• [Dataset excerpts]:
==========
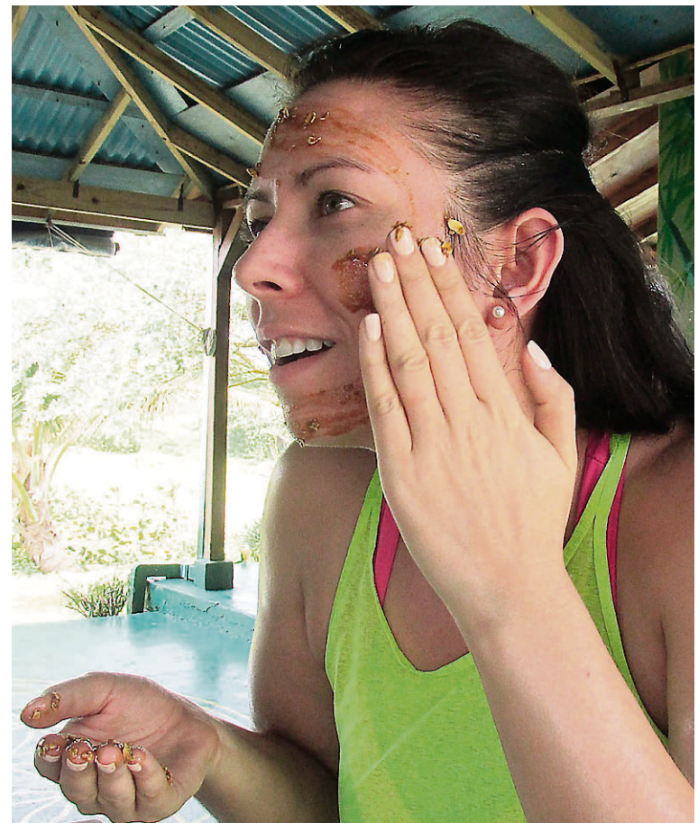
Guests at Go Natural show off their natural products.

And in keeping with the philosophy of the business, the food served is natural, the type that was not nurtured by man-made chemicals. The meals provided may be communal or tailored to suit individual
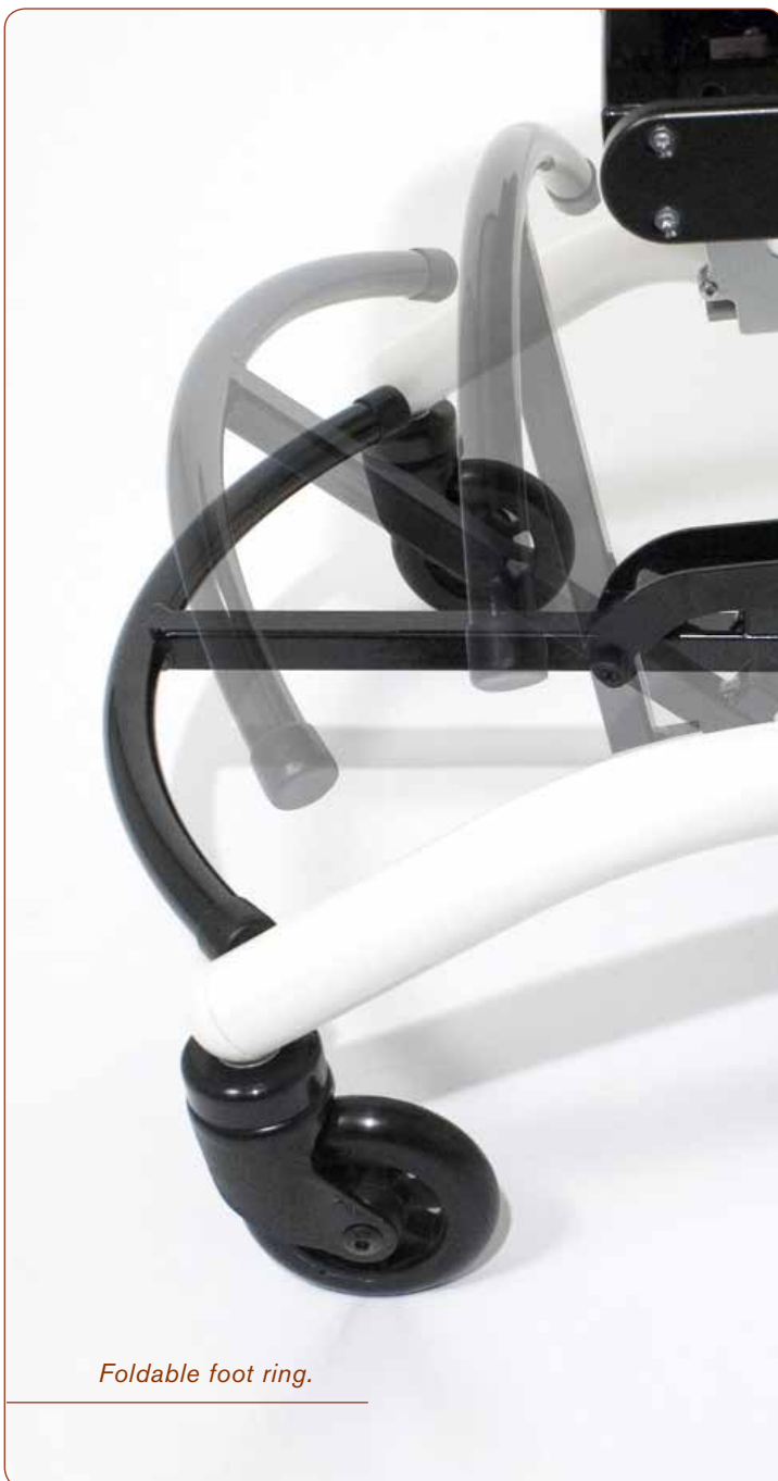
Foldable foot ring.

As accessories, we have wall mounts for the backrests that is not mounted on the chair.
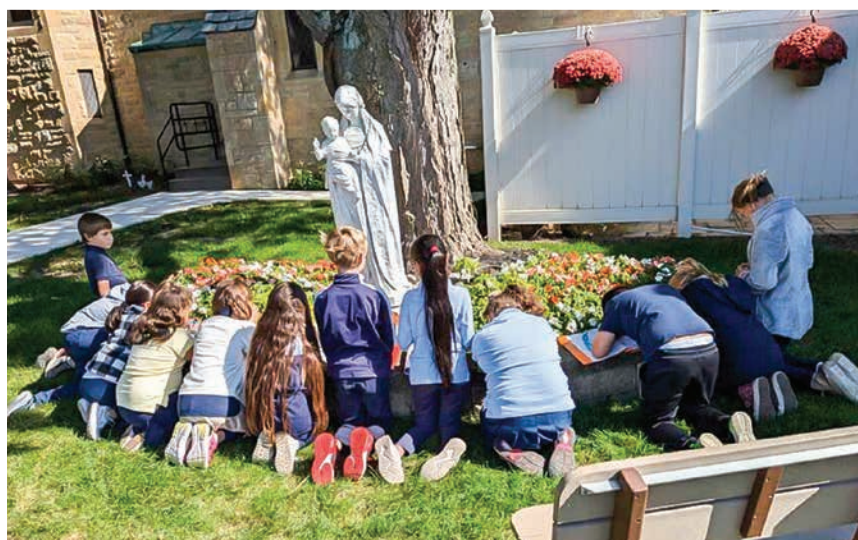
Students regularly gather at the prayer garden to pray the Rosary.

Due to several grants, the school has some exciting new updates. The cafeteria was outfitted with
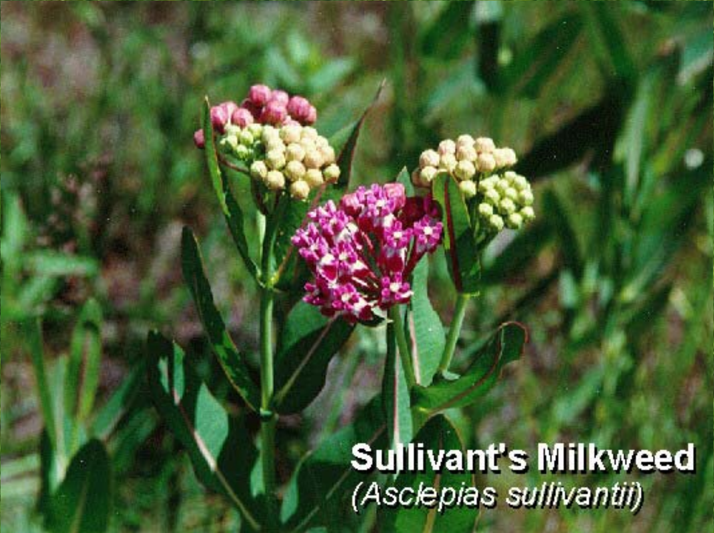
Sullivant's Milkweed ( Asclepias sullivantii )
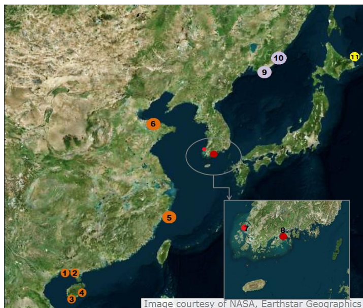
Table 1. NEAMPAN Sites

7. Currently, member States have nominated a total of 11 sites as NEAMPAN member sites, including six sites from China, one from Japan, two from the Republic of Korea, and two from the Russian Federation as shown in Table 1 below.
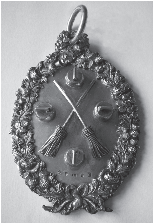
ILLUS 5 Alva Curling Club, 1853

The club was formed in 1848 and joined the RCCC the following year. The medal is in the author's collection.
==========
• [YOUR TASK]: None of the pictures should appear; the rest of the entries must be reproduced exactly.

• [TASK RESULT]:
Guests at Go Natural show off their natural products.

And in keeping with the philosophy of the business, the food served is natural, the type that was not nurtured by man-made chemicals. The meals provided may be communal or tailored to suit individual
Foldable foot ring.

As accessories, we have wall mounts for the backrests that is not mounted on the chair.
Students regularly gather at the prayer garden to pray the Rosary.

Due to several grants, the school has some exciting new updates. The cafeteria was outfitted with
Sullivant's Milkweed ( Asclepias sullivantii )
Table 1. NEAMPAN Sites

7. Currently, member States have nominated a total of 11 sites as NEAMPAN member sites, including six sites from China, one from Japan, two from the Republic of Korea, and two from the Russian Federation as shown in Table 1 below.
ILLUS 5 Alva Curling Club, 1853

The club was formed in 1848 and joined the RCCC the following year. The medal is in the author's collection.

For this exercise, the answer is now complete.